Wang Sentong, Hase Kazunori, Kita Shunsuke, Ogaya Shinya
Human-Mechanical System Laboratory, Graduate School of Systems Design, Tokyo Metropolitan University, Hachioji, Japan.
Human-Mechanical System Laboratory, Faculty of Systems Design, Tokyo Metropolitan University, Hachioji, Japan.
Front Bioeng Biotechnol. 2022 Oct 10;10:957435. doi: 10.3389/fbioe.2022.957435. eCollection 2022.
The biomechanical variation in the knee during walking that accompanies medial meniscal radial tears stemming from knee osteoarthritis (OA) has not been explored. This study introduced a finite element musculoskeletal model using concurrent lower limb musculoskeletal dynamics and knee joint finite element analysis in a single framework and expanded the models to include knees with medial meniscal radial tears and total medial meniscectomy. The radial tears involved three locations: anterior horn, midbody, and posterior horn with grades of 33%, 50%, and 83% of the meniscus width. The shear and hoop stresses of the tear meniscus and tibial cartilage contact load, accompanying tears, and postmeniscectomy were evaluated during the stance phase of the gait cycle using the models. In the 83% width midbody tear group, shear stress at the end of the tear was significantly greater than in the intact meniscus and other tear groups, and the maximum shear stress was increased by 310% compared to the intact meniscus. A medial meniscus radial tear has a much smaller effect on the tibial cartilage load (even though in the 83% width tear, the cartilage/total load ratio increased by only 9%).
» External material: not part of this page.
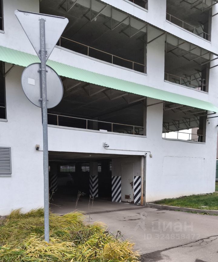 Машино-место внутри огороженной территории, на многоуровневом паркинге.

However, the contact force on the tibial cartilage with total postmeniscectomy was increased by 178.93% compared with a healthy intact meniscus, and the peak contact pressure after meniscectomy increased from 11.94 to 12.45 MPa to 17.64 and 13.76 MPa, at the maximum weight acceptance and push-off, respectively. Our study shows that radial tears with larger medial meniscus widths are prone to high stress concentrations at the end of the tears, leading to the potential risk of complete meniscal rupture. Furthermore, although the tears did not change the cartilage load distribution, they disrupted the circumferential stress-transmitting function of the meniscus, thus greatly increasing the likelihood of the onset of knee OA. The significant increase in the tibial cartilage load with total postmeniscectomy indicates a potential risk of OA flare-ups. This study contributes to a better understanding of meniscal tear-induced OA biomechanical changes during human activities and offers some potential directions for surgical guidance of meniscectomies and the prophylaxis and treatment of OA.
膝关节骨关节炎(OA)引发的内侧半月板放射状撕裂在行走过程中膝关节的生物力学变化尚未得到研究。本研究引入了一个有限元肌肉骨骼模型,该模型在单一框架中同时运用下肢肌肉骨骼动力学和膝关节有限元分析,并将模型扩展到包括内侧半月板放射状撕裂和全内侧半月板切除术的膝关节。放射状撕裂涉及三个位置:前角、体部中部和后角,撕裂程度分别为半月板宽度的33%、50%和83%。利用这些模型在步态周期的站立阶段评估了撕裂半月板的剪切应力和环向应力、胫骨软骨接触负荷、伴随撕裂情况以及半月板切除术后的情况。在半月板宽度83%的体部中部撕裂组中,撕裂末端的剪切应力显著大于完整半月板和其他撕裂组,与完整半月板相比,最大剪切应力增加了310%。内侧半月板放射状撕裂对胫骨软骨负荷的影响要小得多(尽管在半月板宽度83%的撕裂中,软骨/总负荷比仅增加了9%)。然而,全半月板切除术后胫骨软骨上的接触力与健康完整半月板相比增加了178.93%,半月板切除术后的峰值接触压力在最大承重和蹬离时分别从11.94和12.45兆帕增加到17.64和13.76兆帕。我们的研究表明,内侧半月板宽度较大的放射状撕裂在撕裂末端容易出现高应力集中,导致半月板完全破裂的潜在风险。此外,尽管撕裂并未改变软骨负荷分布,但它们破坏了半月板的环向应力传递功能,从而大大增加了膝关节OA发病的可能性。全半月板切除术后胫骨软骨负荷的显著增加表明存在OA复发的潜在风险。本研究有助于更好地理解人类活动期间半月板撕裂引起的OA生物力学变化,并为半月板切除术的手术指导以及OA的预防和治疗提供了一些潜在方向。